A Renaissance for Antisense Oligonucleotide Drugs in Neurology: Exon Skipping Breaks New Ground

Author Affiliations

Author Affiliations:Research Center for Genetic Medicine, Children's National Medical Center, Washington, DC (Drs Yokota, Partridge, and Hoffman); Department of Molecular Medicine, National Institutes for Neuroscience, Tokyo, Japan (Drs Takeda and Nakamura); and McColl-Lockwood Laboratory for Muscular Dystrophy Research, Neuromuscular/ALS Center, Carolinas Medical Center, Charlotte, North Carolina (Dr Lu).

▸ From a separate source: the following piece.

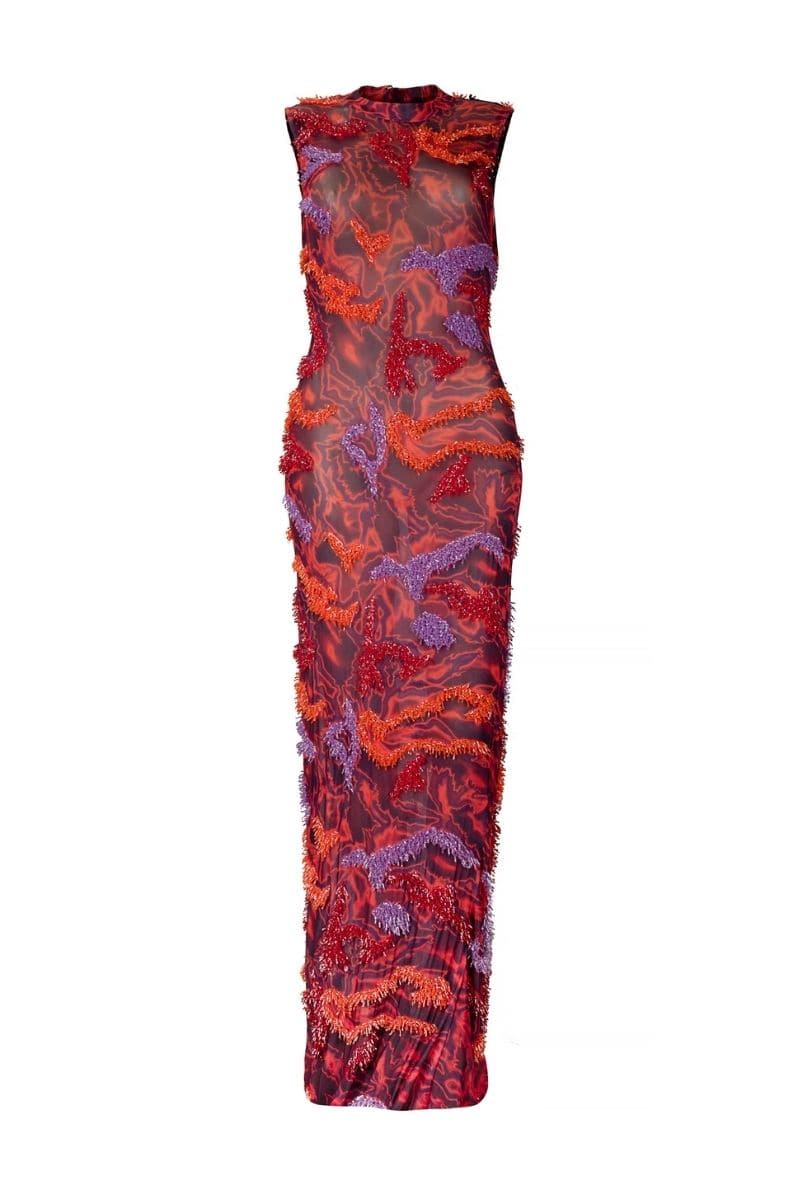 Sleeveless maxi zusi dress with hand beaded and embellished layers.

Arch Neurol. 2009;66(1):32-38. doi:10.1001/archneurol.2008.540

Antisense oligonucleotides are short nucleic acid sequences designed for use as small-molecule drugs. They recognize and bind to specific messenger RNA (mRNA) or pre-mRNA sequences to create small double-stranded regions of the target mRNA that alter mRNA splicing patterns or inhibit protein translation. Antisense approaches have been actively pursued as a form of molecular medicine for more than 20 years, but only one has been translated to a marketed drug (intraocular human immunodeficiency virus treatment). Two recent advances foreshadow a change in clinical applications of antisense strategies. First is the development of synthetic DNA analogues that show outstanding stability and sequence specificity yet little or no binding to modulator proteins. Second is the publication of impressive preclinical and clinical data using antisense in an exon-skipping strategy to increase dystrophin production in Duchenne muscular dystrophy. As long-standing barriers are successfully circumvented, attention turns toward scale-up of production, long-term toxicity studies, and the challenges to traditional drug regulatory attitudes presented by tightly targeted sequence-specific drugs.